───── Supplied data ─────

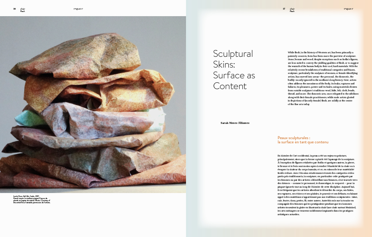 It is possible that flesh has long been a matter of pictorial depiction because sculpture has mainly been concerned with form. It would take the advent of contemporary art for the exploration of "sculptural skins" to address the idea of flesh in other ways. In her essay, Sarah Moore Fillmore, Chief Curator and Deputy Director of Programs of the Art Gallery of Nova Scotia, analyzes the work of artists Lucie Chan, Janice Wright Cheney, Ursula Johnson, Amy Malbeuf and Sarah Maloney. These artists think of the body "as a site for investigating colonialism, racism and sexism."They use "the body's corporeality" to construct new ways of being. Art historian Mehmet Berkay Sülek focuses his article on a work by Iraqi-American artist
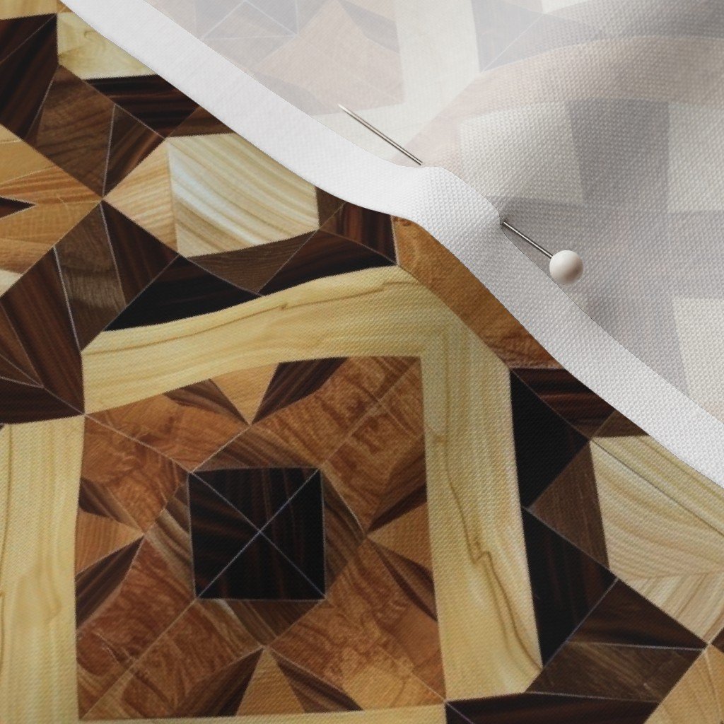 This marquetry-inspired geometric wood pattern showcases a bold parquet layout with deeper contrasting tones. Drawing from historic European craftsmanship, the structured symmetry and layered wood effect suit sophisticated fabric and décor applications.
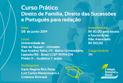 CNB/RS promove Curso Prático de Direito de Família, Direito das Sucessões e Português para Redação em Lajeado
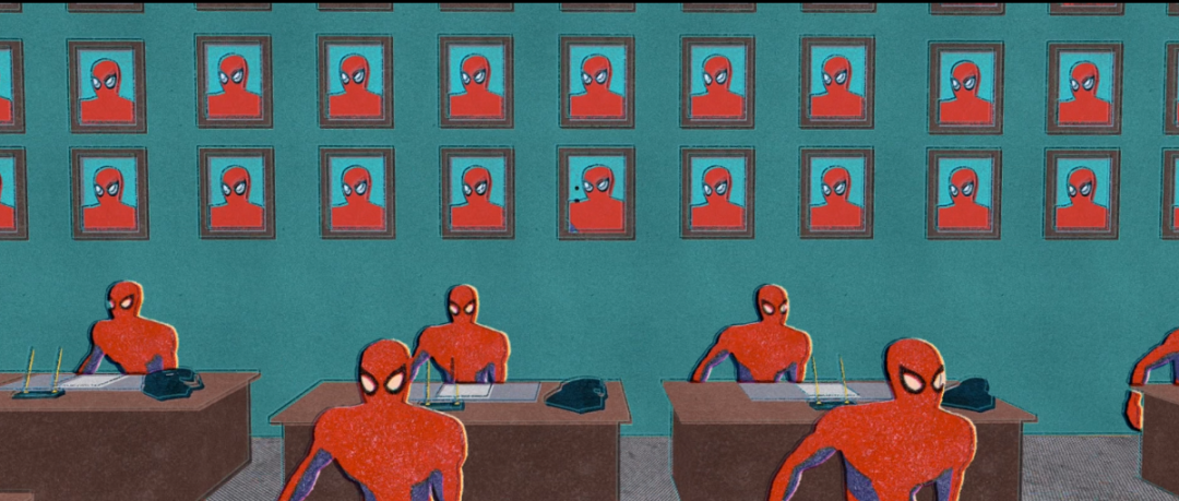 而片尾一堆蜘蛛侠相框挂在墙壁上,与安迪·沃霍尔《玛丽莲·梦露》有异曲同工之妙;
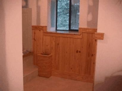 Here is a picture from a little further out - it shows the Pine Wainscot that starts at the bathtub and goes around the toilet and ends with a magazine rack which is on the back side of the wall that extends out from the right. Both that wall and the one on the left were shortened and a door that separated the bathroom into two rooms was dispensed with. We made a laundry chute here that drops the laundry from upstairs into a basket in a closet in the bathroom below. I finished the laundry chute with spiral wound 1X4 board and bead siding. This picture was taken before the walls were painted – they are painted (an olive green sanded paint) in the picture above and below. We finally finished it off with light fixtures above the two vanities and stereo speakers in the walls.
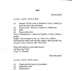 Tutte le Benedizioni , e saluti del Paradiso a tutte [,] adesso e sempre Preghi , e faccia pregare p . me , e p . i miei vivi , e defonti
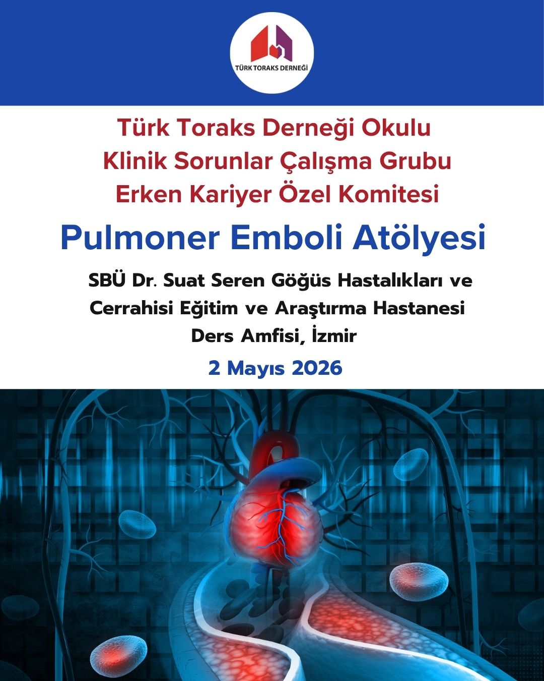 Türk Toraks Derneği Okulu, Klinik Sorunlar Çalışma Grubu ve Erken Kariyer Özel Komitesi tarafından planlanan "Pulmoner Emboli Atölyesi" programı 2 Mayıs 2026 tarihinde İzmir’de gerçekleştirilecektir.
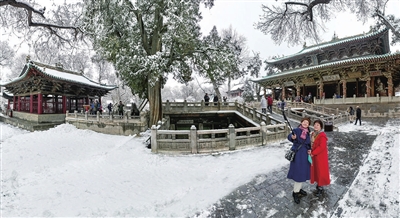 2月12日,一夜春雪将晋祠装扮得分外妖娆。一大早,游客纷至沓来,访古赏雪,留下美好记忆。宿晓健 摄

─────

▶ Exercise brief
Return only the line with "Here is a picture" and the lines after it up to the end of the records, exact and free of pictures.

▶ Problem solution
 Here is a picture from a little further out - it shows the Pine Wainscot that starts at the bathtub and goes around the toilet and ends with a magazine rack which is on the back side of the wall that extends out from the right. Both that wall and the one on the left were shortened and a door that separated the bathroom into two rooms was dispensed with. We made a laundry chute here that drops the laundry from upstairs into a basket in a closet in the bathroom below. I finished the laundry chute with spiral wound 1X4 board and bead siding. This picture was taken before the walls were painted – they are painted (an olive green sanded paint) in the picture above and below. We finally finished it off with light fixtures above the two vanities and stereo speakers in the walls.
 Tutte le Benedizioni , e saluti del Paradiso a tutte [,] adesso e sempre Preghi , e faccia pregare p . me , e p . i miei vivi , e defonti
 Türk Toraks Derneği Okulu, Klinik Sorunlar Çalışma Grubu ve Erken Kariyer Özel Komitesi tarafından planlanan "Pulmoner Emboli Atölyesi" programı 2 Mayıs 2026 tarihinde İzmir’de gerçekleştirilecektir.
 2月12日,一夜春雪将晋祠装扮得分外妖娆。一大早,游客纷至沓来,访古赏雪,留下美好记忆。宿晓健 摄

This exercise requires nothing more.